***** RECORDS SHOWN *****
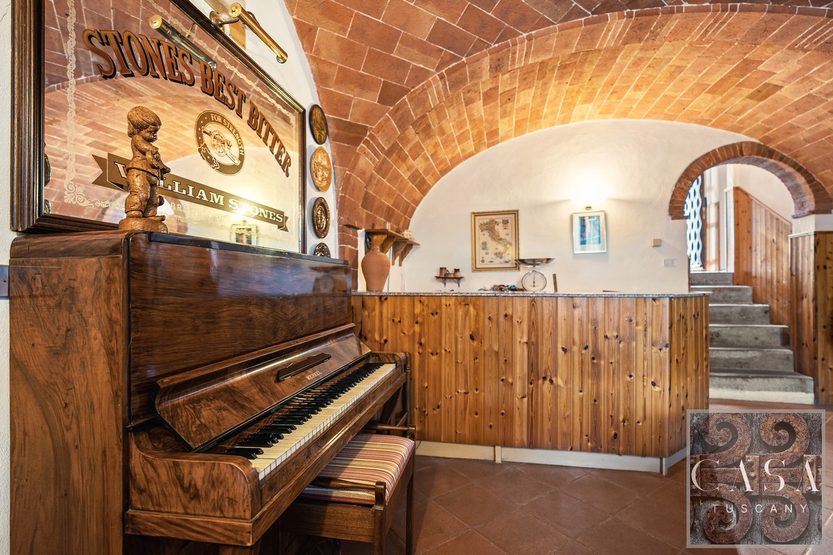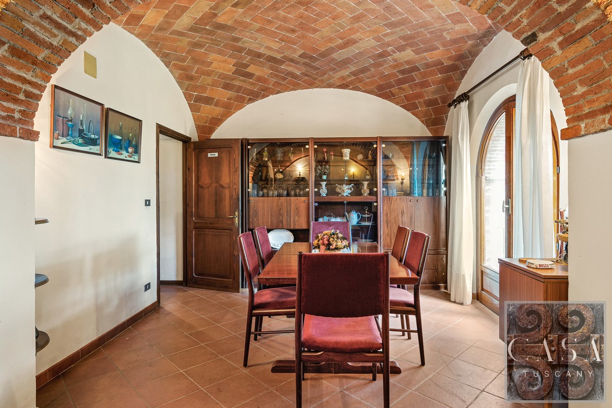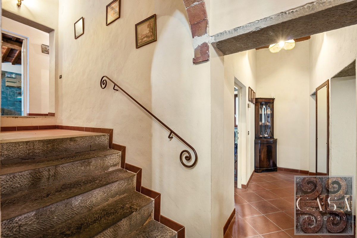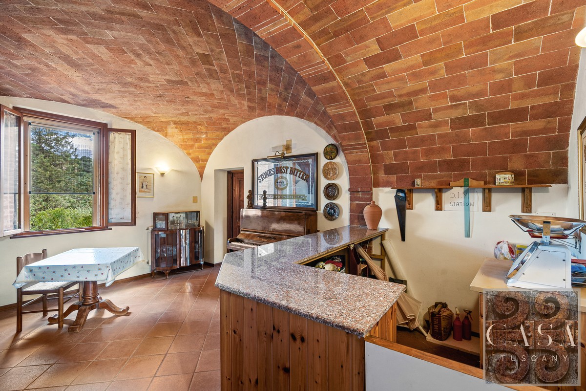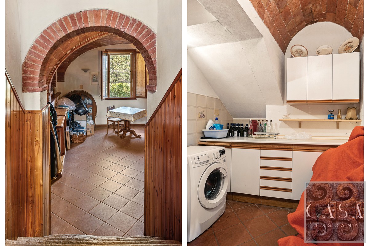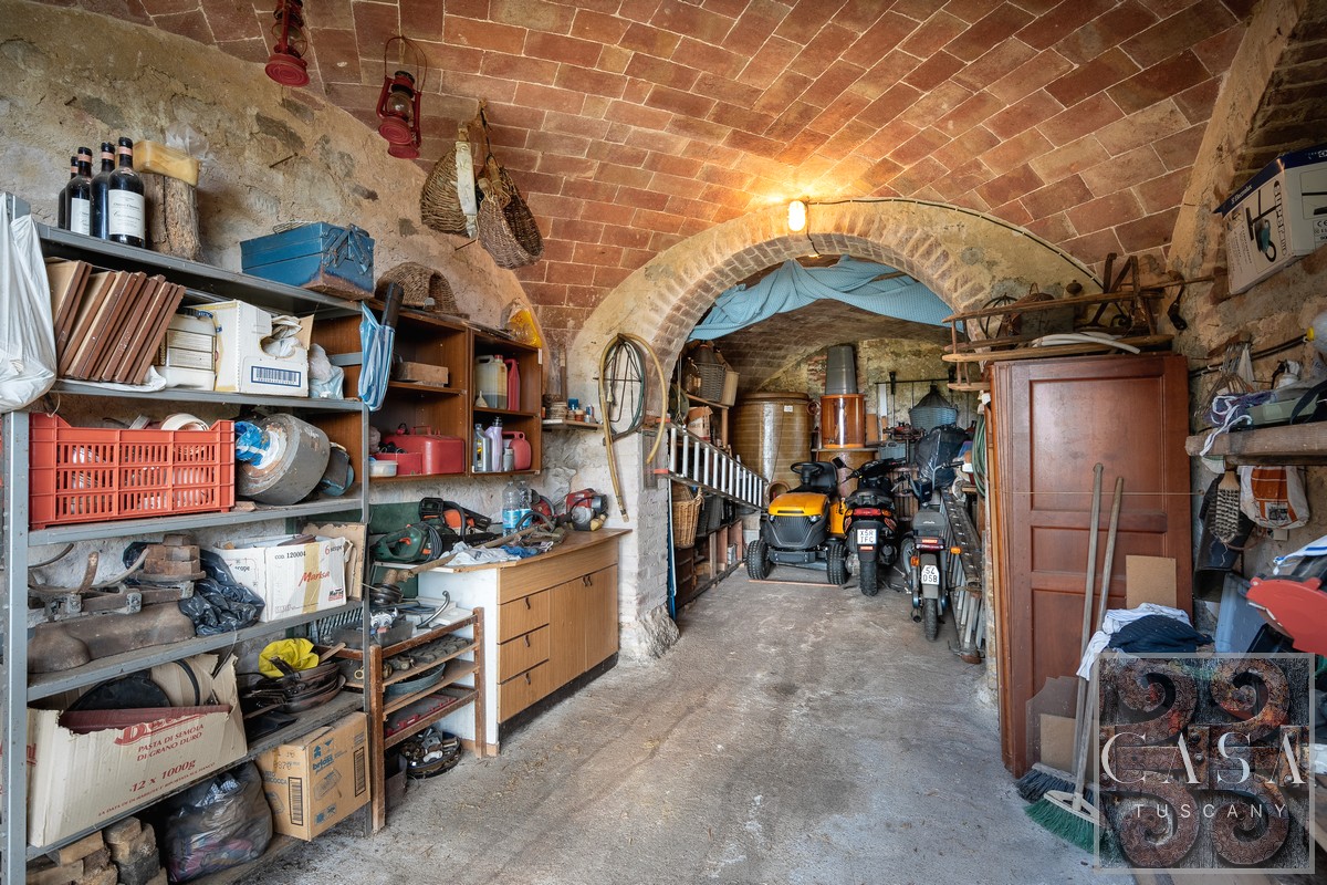 With separate entrances from the garden, the basement is a typical rustic cellar with vaulted ceilings and stone walls, now used for storage, but also perfect as a tavern and additional living area, and a second access to a storage room and a technical room.
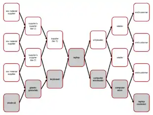 در تجارت، زنجیره تأمین (به انگلیسی: Supply chain) سیستمی متشکل از سازمانها، افراد، فعالیتها، اطلاعات و منابعی است که در عرضه یک محصول یا خدمت به مصرفکننده دخیل هستند. فعالیتهای زنجیره تأمین شامل تبدیل منابع طبیعی، مواد اولیه و اجزای سازنده به یک محصول نهایی است که به مشتری نهایی تحویل داده میشود.[1] در سیستمهای پیچیده زنجیره تأمین، محصولات استفاده شده ممکن است در هر نقطه ای که مقدار باقیمانده قابل بازیافت است، دوباره وارد زنجیره تأمین شوند. زنجیرههای تأمین زنجیرههای ارزش را بهم پیوند میدهند.[2]
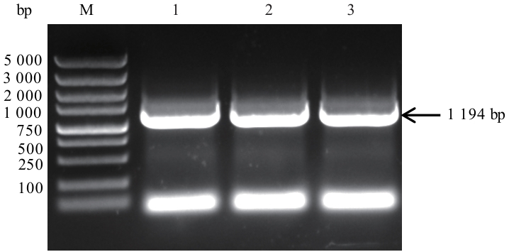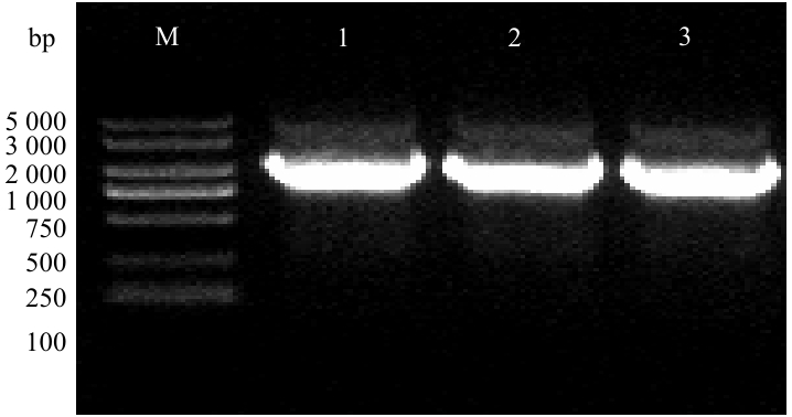 图1 木薯MeMYB106基因PCR扩增结果M:DL5 000 marker,1-3:MeMYB106基因扩增产物
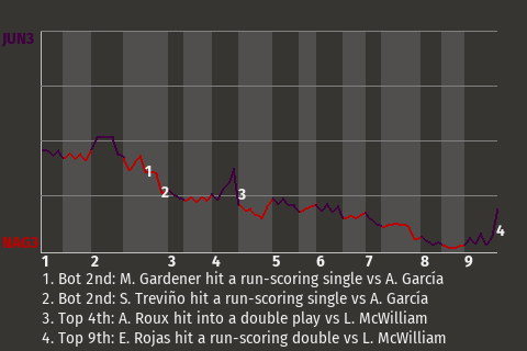 2 (15, 1st Inning off A. García, 1 on, 2 outs; 7th Inning off A. García, 1 on, 2 outs)
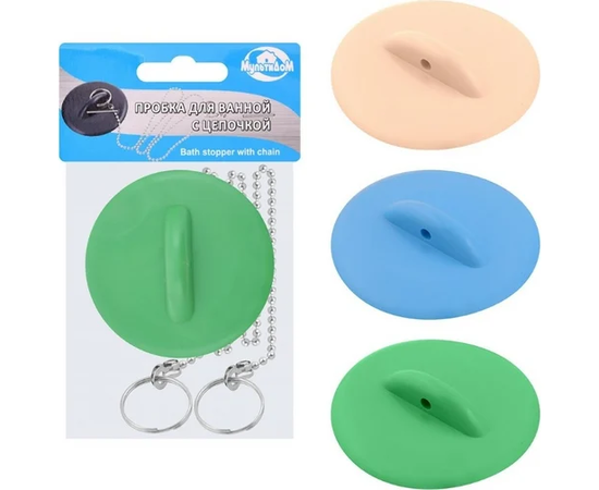 Пробка для ванной МУЛЬТИДОМ с цепочкой Колор МГ34-4 используется для перекрывания слива.
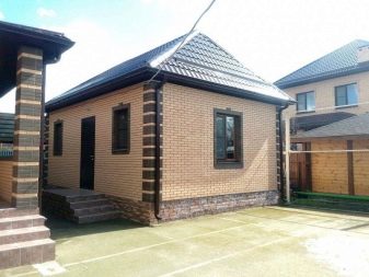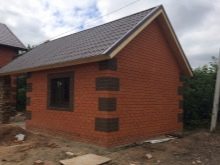 - Die Verwendung von Ziegeln erlaubt es, Bäder in verschiedenen Formen und Größen zu bauen, die selbst die komplexesten architektonischen Projekte verkörpern und verschiedene Arten von Innen- und Außendekoration verwenden. Die Stärke des Gebäudes ermöglicht es Ihnen, mit dem inneren Layout und der Form des Daches zu experimentieren.
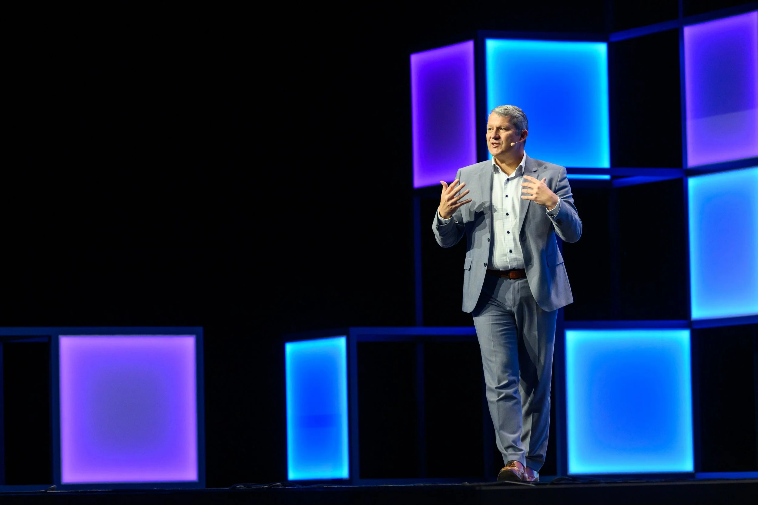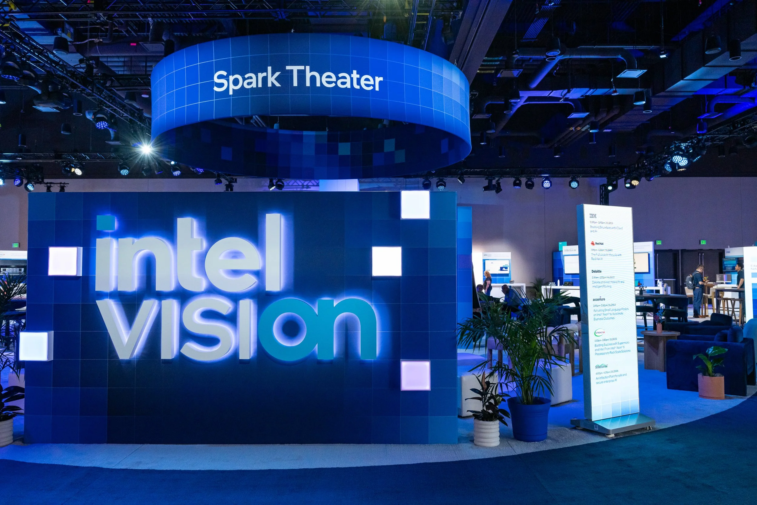 To achieve this, we reimagined the iconic Intel spark as the centerpiece of the identity, infusing it with a dynamic, gradient-based grid system that represented transformation, energy, and innovation. This modular system was applied across all touchpoints—from large-scale environmental graphics and stage design to motion assets, wayfinding, and attendee swag. The gradient grid not only anchored the event visually but also reinforced the theme of momentum and change, making the experience feel alive, future-focused, and uniquely Intel.
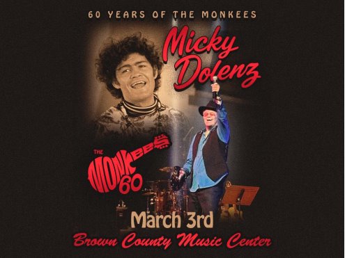 Nashville, Ind. (November 11, 2025) – Micky Dolenz, best known as a vocalist and drummer of the 1960’s pop legends The Monkees, will celebrate 60 Years of The Monkees live at the Brown County Music Center in Nashville, Ind., on Tuesday, March 3, 2026.
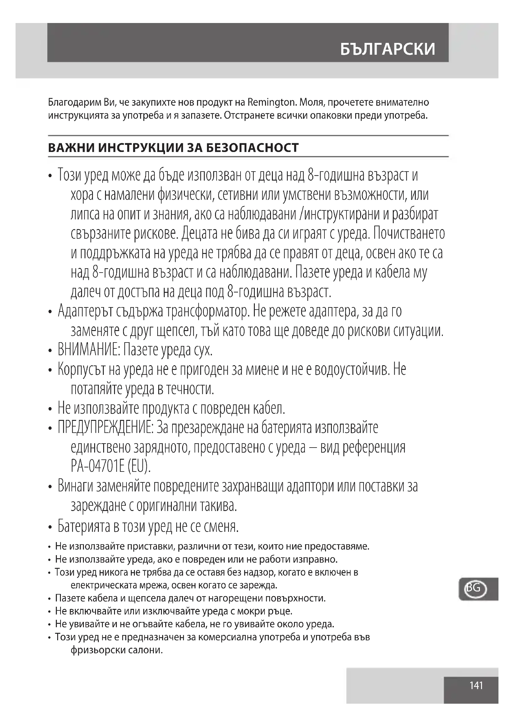 Благодарим Ви, че закупихте нов продукт на Remington. Моля, прочетете внимателно инструкцията за употреба и я запазете. Отстранете всички опаковки преди употреба. ВАЖНИ ИНСТРУКЦИИ ЗА БЕЗОПАСНОСТ
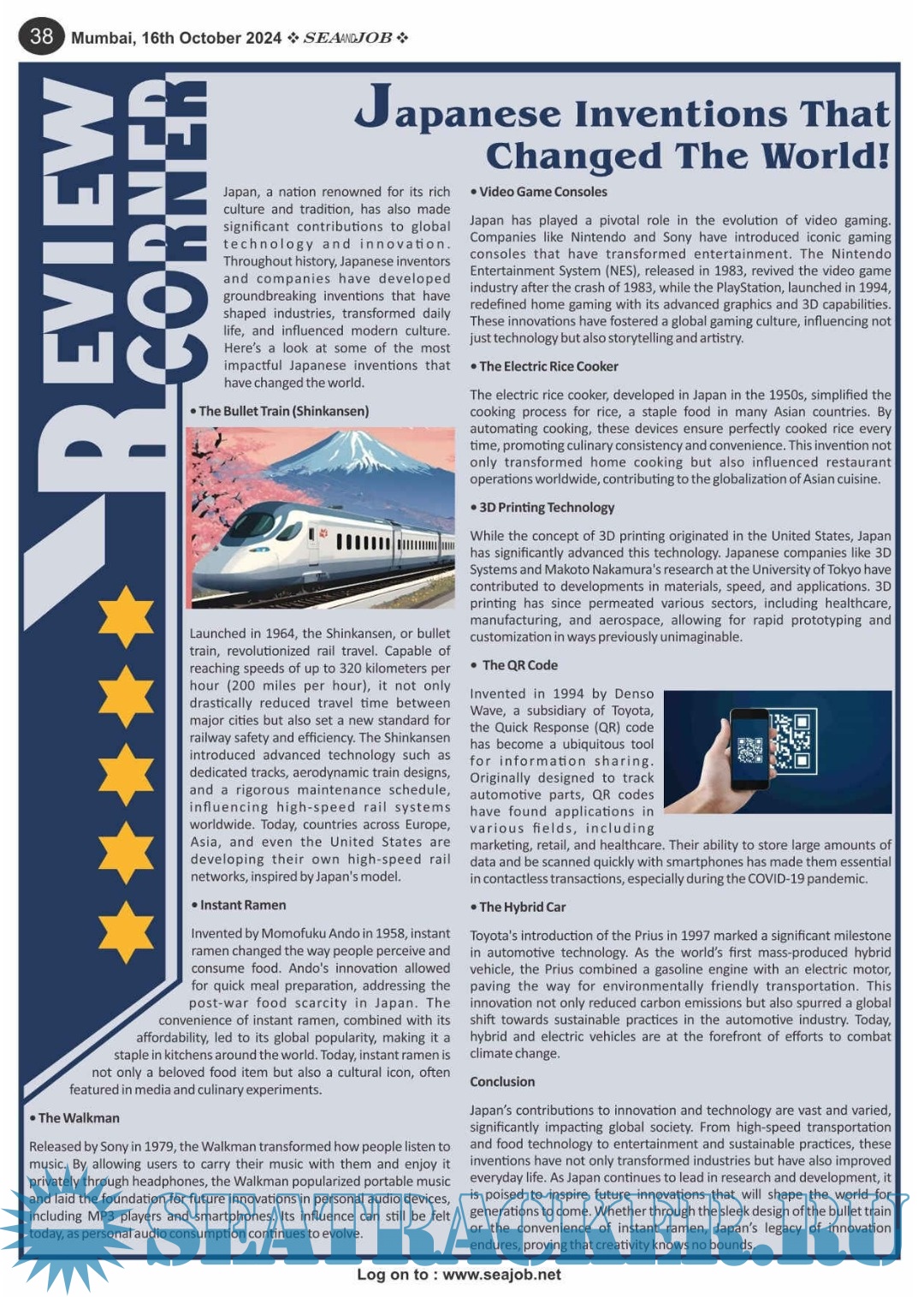 Year: 2024 Language: English Author: Sea Line Group Genre: Periodical (Magazine) Edition: Vol. XVII, No. 20/24 Format: PDF Quality: eBook Pages count: 72 Description: The Sea and Job magazine launched in May 2007, was the second venture of Sea Line Group succeeding 'seajob.net' bringing the much renowned essence to the Group, the Sea and Job Magazine quickly gained popularity, becoming the No. 1 Shipping Magazine that came to be widely circulated all over India.Sea and Job over the years has evolved as the most trusted, ethical, objective and read maritime publication that possesses a large database of subscribers from various verticals in the industry.The magazine provides informative and interesting articles covering not just the shipping world but also the world outside it. Sea and Job is also a medium for the shipping/ manning companies to advertise marine jobs and also to promote their organization by publicizing internal activities like seminars, sports events and parties.Some notable endeavors of the magazine include the Know Your Recruiter Column, the Sailing Episodes Column and the Marine Insights section. The consistent efforts and the dedication to provide extraordinary services to the industry has resulted in the magnifying popularity and patronage of Sea and Job. Additional info: 16-31 October 2024.
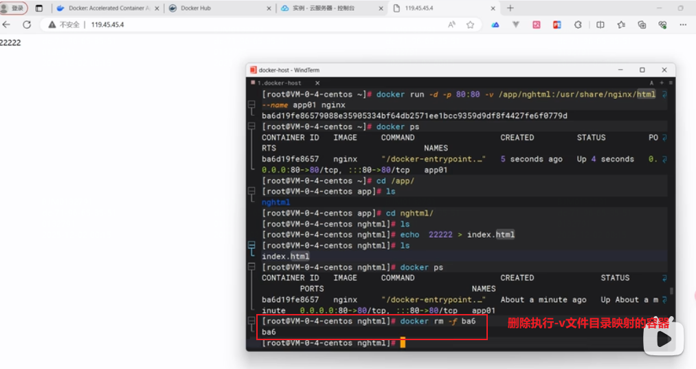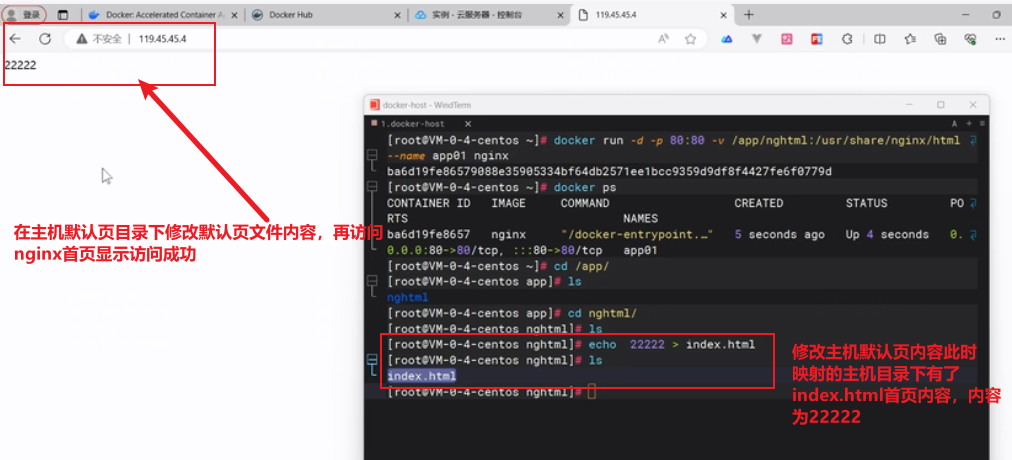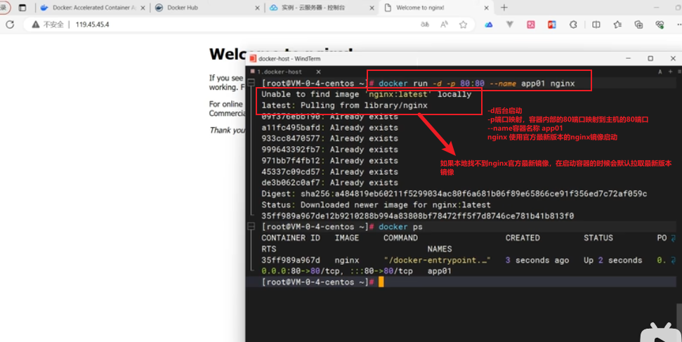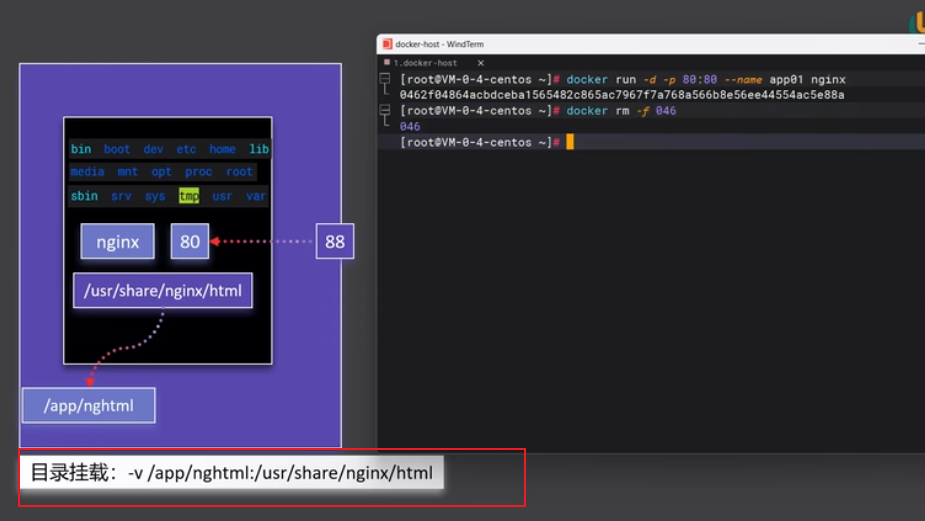docker run -d -p 80:80 -v /app/nghtml:/usr/share/nginx/html --name app01 nginx:用官方nginx最新镜像启动叫app01的nginx容器,端口映射为主机上的80对应容器内部的80端口,文件目录映射为主机上的/app/nghtml目录下的文件对应容器内的/usr/share/nginx/html目录下的文件
*****
§ WHAT IS NEEDED: Your task is to repeat the entries above exactly, omitting the pictures.

§ REPLY TO THE EXERCISE:
 With separate entrances from the garden, the basement is a typical rustic cellar with vaulted ceilings and stone walls, now used for storage, but also perfect as a tavern and additional living area, and a second access to a storage room and a technical room.
 در تجارت، زنجیره تأمین (به انگلیسی: Supply chain) سیستمی متشکل از سازمانها، افراد، فعالیتها، اطلاعات و منابعی است که در عرضه یک محصول یا خدمت به مصرفکننده دخیل هستند. فعالیتهای زنجیره تأمین شامل تبدیل منابع طبیعی، مواد اولیه و اجزای سازنده به یک محصول نهایی است که به مشتری نهایی تحویل داده میشود.[1] در سیستمهای پیچیده زنجیره تأمین، محصولات استفاده شده ممکن است در هر نقطه ای که مقدار باقیمانده قابل بازیافت است، دوباره وارد زنجیره تأمین شوند. زنجیرههای تأمین زنجیرههای ارزش را بهم پیوند میدهند.[2]
 图1 木薯MeMYB106基因PCR扩增结果M:DL5 000 marker,1-3:MeMYB106基因扩增产物
 2 (15, 1st Inning off A. García, 1 on, 2 outs; 7th Inning off A. García, 1 on, 2 outs)
 Пробка для ванной МУЛЬТИДОМ с цепочкой Колор МГ34-4 используется для перекрывания слива.
 - Die Verwendung von Ziegeln erlaubt es, Bäder in verschiedenen Formen und Größen zu bauen, die selbst die komplexesten architektonischen Projekte verkörpern und verschiedene Arten von Innen- und Außendekoration verwenden. Die Stärke des Gebäudes ermöglicht es Ihnen, mit dem inneren Layout und der Form des Daches zu experimentieren.
 To achieve this, we reimagined the iconic Intel spark as the centerpiece of the identity, infusing it with a dynamic, gradient-based grid system that represented transformation, energy, and innovation. This modular system was applied across all touchpoints—from large-scale environmental graphics and stage design to motion assets, wayfinding, and attendee swag. The gradient grid not only anchored the event visually but also reinforced the theme of momentum and change, making the experience feel alive, future-focused, and uniquely Intel.
 Nashville, Ind. (November 11, 2025) – Micky Dolenz, best known as a vocalist and drummer of the 1960’s pop legends The Monkees, will celebrate 60 Years of The Monkees live at the Brown County Music Center in Nashville, Ind., on Tuesday, March 3, 2026.
 Благодарим Ви, че закупихте нов продукт на Remington. Моля, прочетете внимателно инструкцията за употреба и я запазете. Отстранете всички опаковки преди употреба. ВАЖНИ ИНСТРУКЦИИ ЗА БЕЗОПАСНОСТ
 Year: 2024 Language: English Author: Sea Line Group Genre: Periodical (Magazine) Edition: Vol. XVII, No. 20/24 Format: PDF Quality: eBook Pages count: 72 Description: The Sea and Job magazine launched in May 2007, was the second venture of Sea Line Group succeeding 'seajob.net' bringing the much renowned essence to the Group, the Sea and Job Magazine quickly gained popularity, becoming the No. 1 Shipping Magazine that came to be widely circulated all over India.Sea and Job over the years has evolved as the most trusted, ethical, objective and read maritime publication that possesses a large database of subscribers from various verticals in the industry.The magazine provides informative and interesting articles covering not just the shipping world but also the world outside it. Sea and Job is also a medium for the shipping/ manning companies to advertise marine jobs and also to promote their organization by publicizing internal activities like seminars, sports events and parties.Some notable endeavors of the magazine include the Know Your Recruiter Column, the Sailing Episodes Column and the Marine Insights section. The consistent efforts and the dedication to provide extraordinary services to the industry has resulted in the magnifying popularity and patronage of Sea and Job. Additional info: 16-31 October 2024.
docker run -d -p 80:80 -v /app/nghtml:/usr/share/nginx/html --name app01 nginx:用官方nginx最新镜像启动叫app01的nginx容器,端口映射为主机上的80对应容器内部的80端口,文件目录映射为主机上的/app/nghtml目录下的文件对应容器内的/usr/share/nginx/html目录下的文件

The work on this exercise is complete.